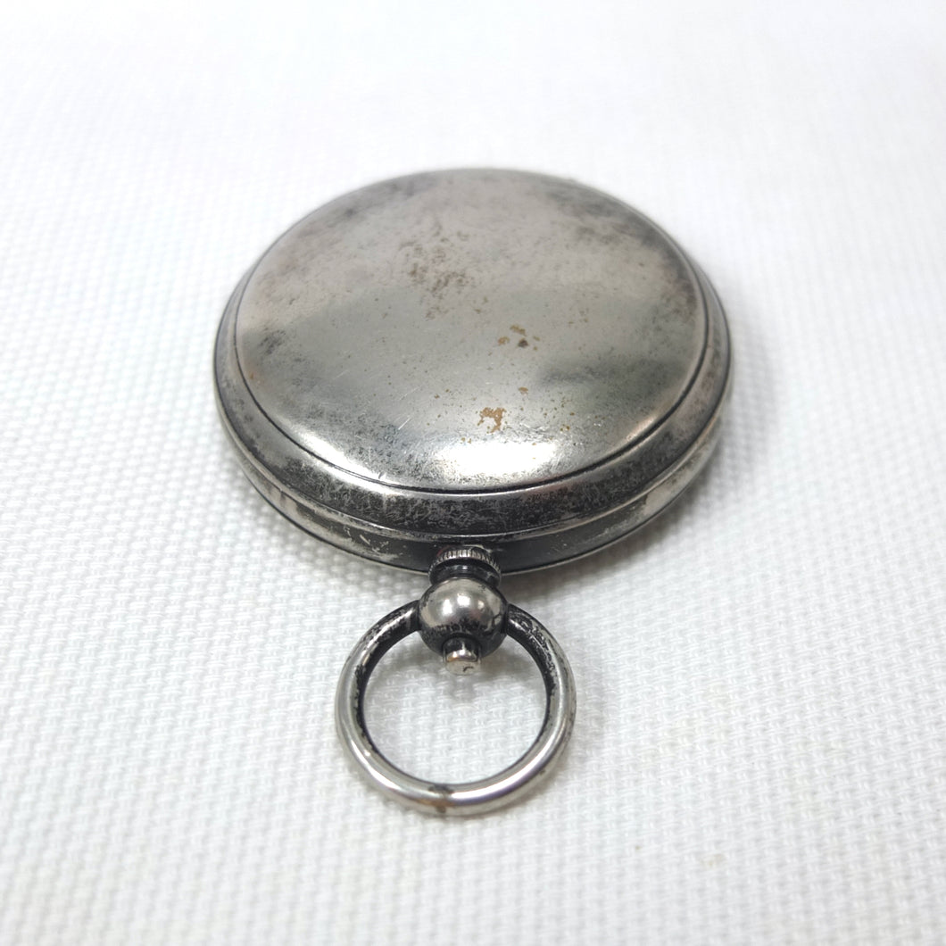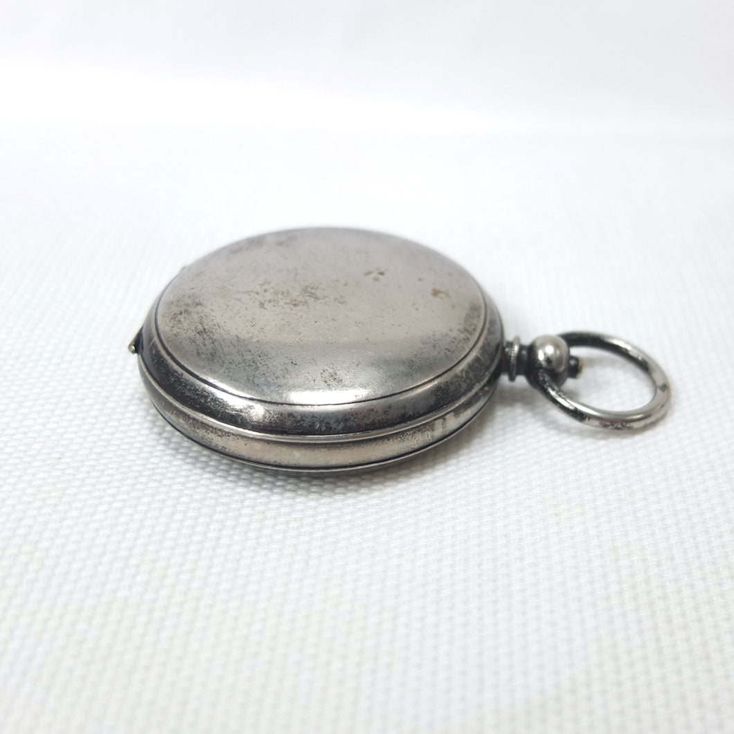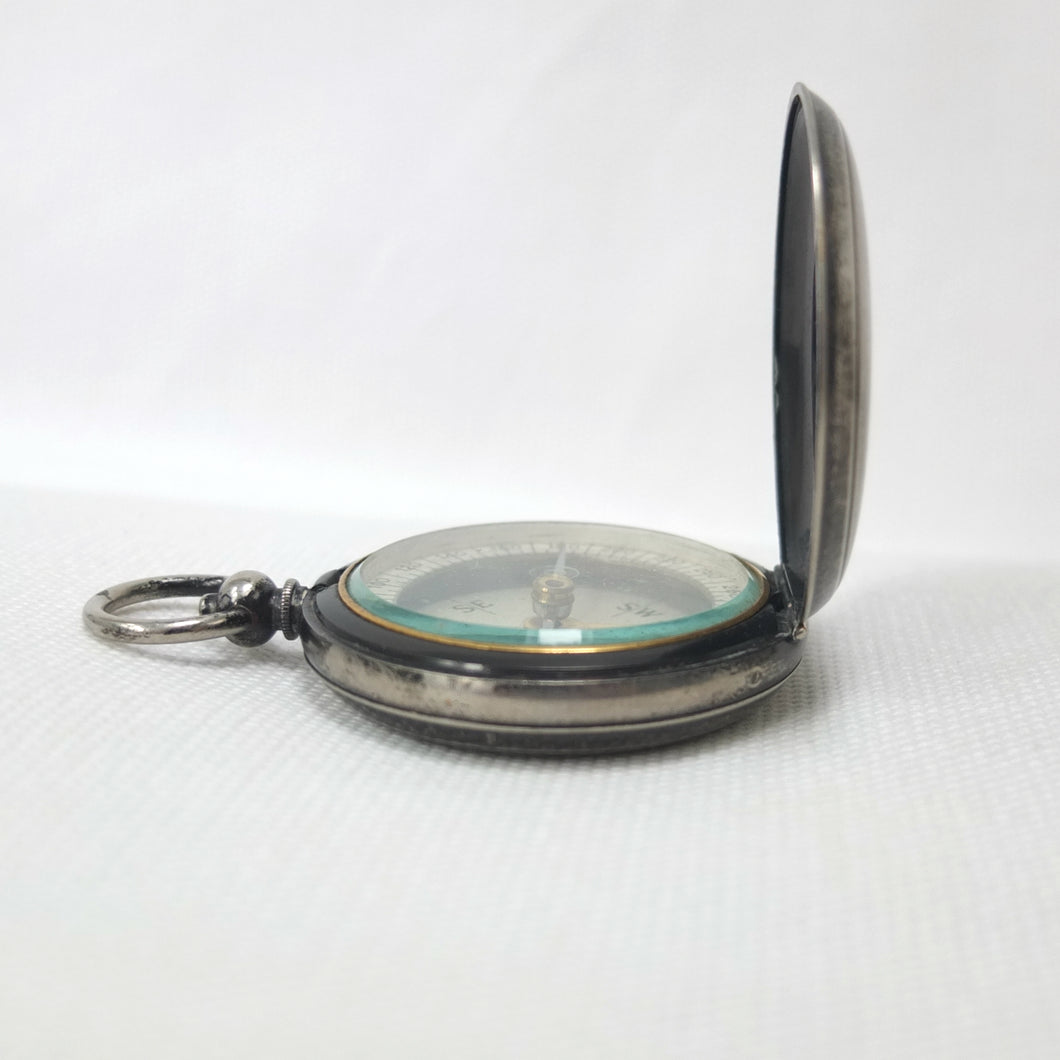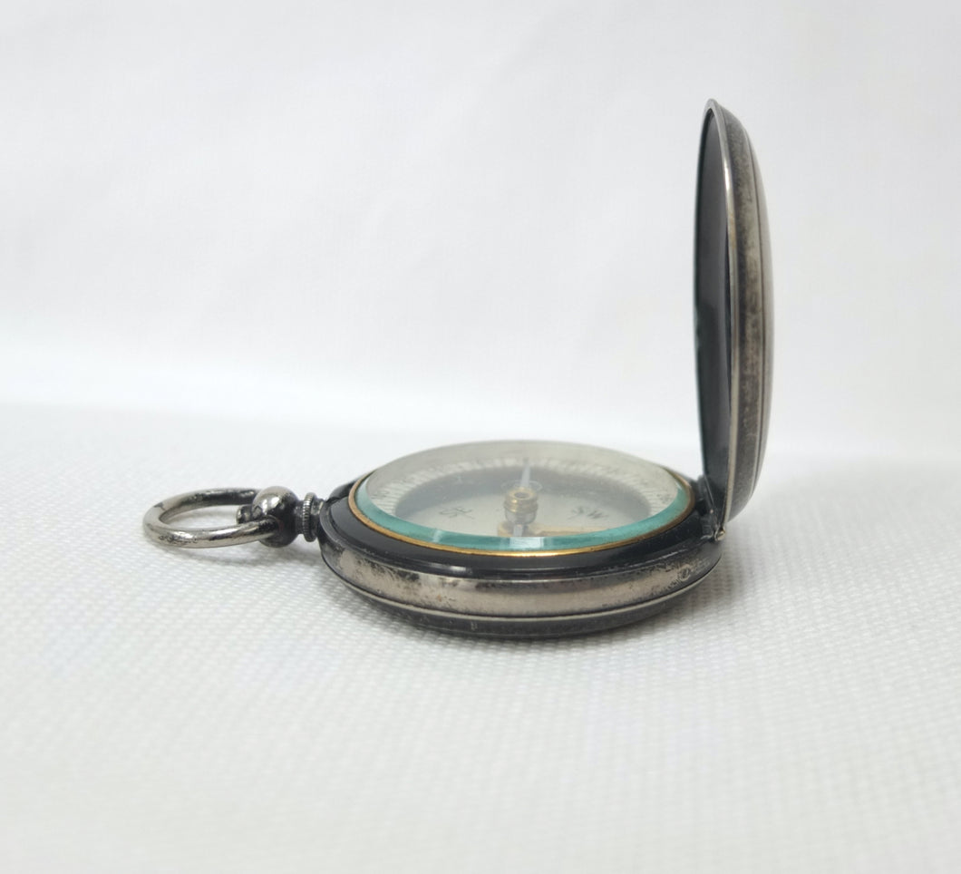 A Francis Barker & Son hunter cased, nickel-plated brass pocket compass, dating from c.1910-1926. Although there are no maker’s marks, this particular design was only made by Barker, and featured in their catalogues and brochures from the start of the 20th century as model No. 3002, 'The Explorer'. It was described as having a 'Bronzed spring hunter case, metal dial, raised graduated ring, bar needle, agate cap and stop'.
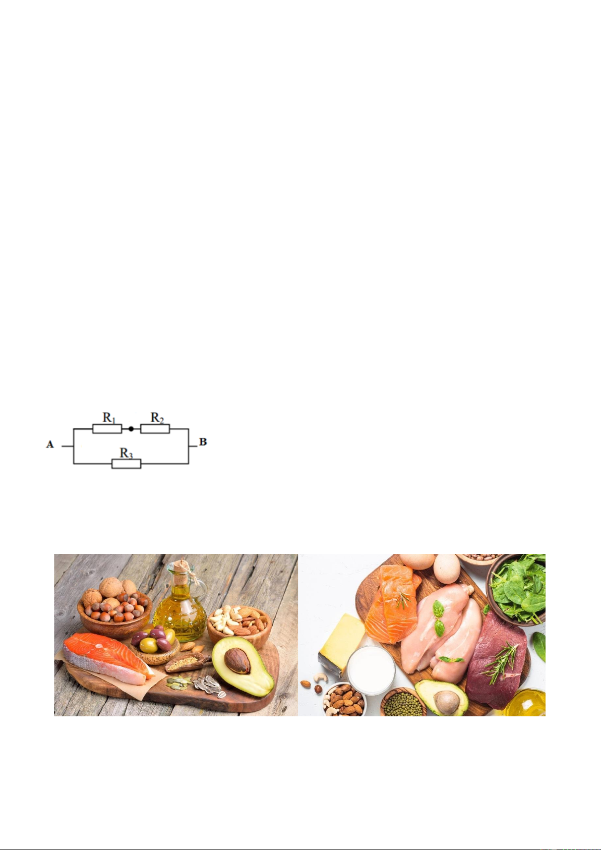 Câu 21 (0,5 điểm): Cho mạch điện như hình vẽ. Biết R1 = 4 Ω; R2 = 6 Ω; R3 = 10 Ω. Đặt
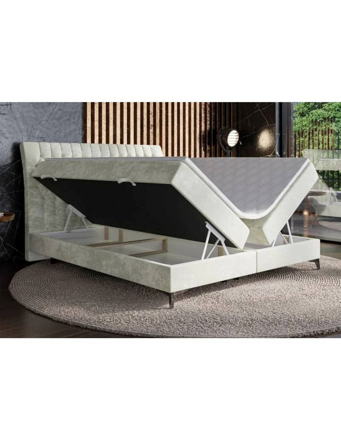 Кровать MOLLY отличается эксклюзивным дизайном: слегка наклоненное назад изголовье украшено стеганой отделкой, создающей элегантный визуальный эффект. Единое белое основание придает мебели легкость и современный характер, а матовые черные или хромированные металлические ножки добавляют современный акцент. Удобный матрас с дополнительным наматрасником обеспечивает комфорт, а многослойная конструкция позволяет подобрать идеальную высоту и насладиться комфортным отдыхом. MOLLY – отличный выбор для тех, кто ценит современный стиль, элегантность и удобство.

....................

=== PROBLEM TO WORK ON ===
Since the pictures are not wanted, give the material again exactly without them.

=== RESPONSE ===
 A Francis Barker & Son hunter cased, nickel-plated brass pocket compass, dating from c.1910-1926. Although there are no maker’s marks, this particular design was only made by Barker, and featured in their catalogues and brochures from the start of the 20th century as model No. 3002, 'The Explorer'. It was described as having a 'Bronzed spring hunter case, metal dial, raised graduated ring, bar needle, agate cap and stop'.
 Câu 21 (0,5 điểm): Cho mạch điện như hình vẽ. Biết R1 = 4 Ω; R2 = 6 Ω; R3 = 10 Ω. Đặt
 Кровать MOLLY отличается эксклюзивным дизайном: слегка наклоненное назад изголовье украшено стеганой отделкой, создающей элегантный визуальный эффект. Единое белое основание придает мебели легкость и современный характер, а матовые черные или хромированные металлические ножки добавляют современный акцент. Удобный матрас с дополнительным наматрасником обеспечивает комфорт, а многослойная конструкция позволяет подобрать идеальную высоту и насладиться комфортным отдыхом. MOLLY – отличный выбор для тех, кто ценит современный стиль, элегантность и удобство.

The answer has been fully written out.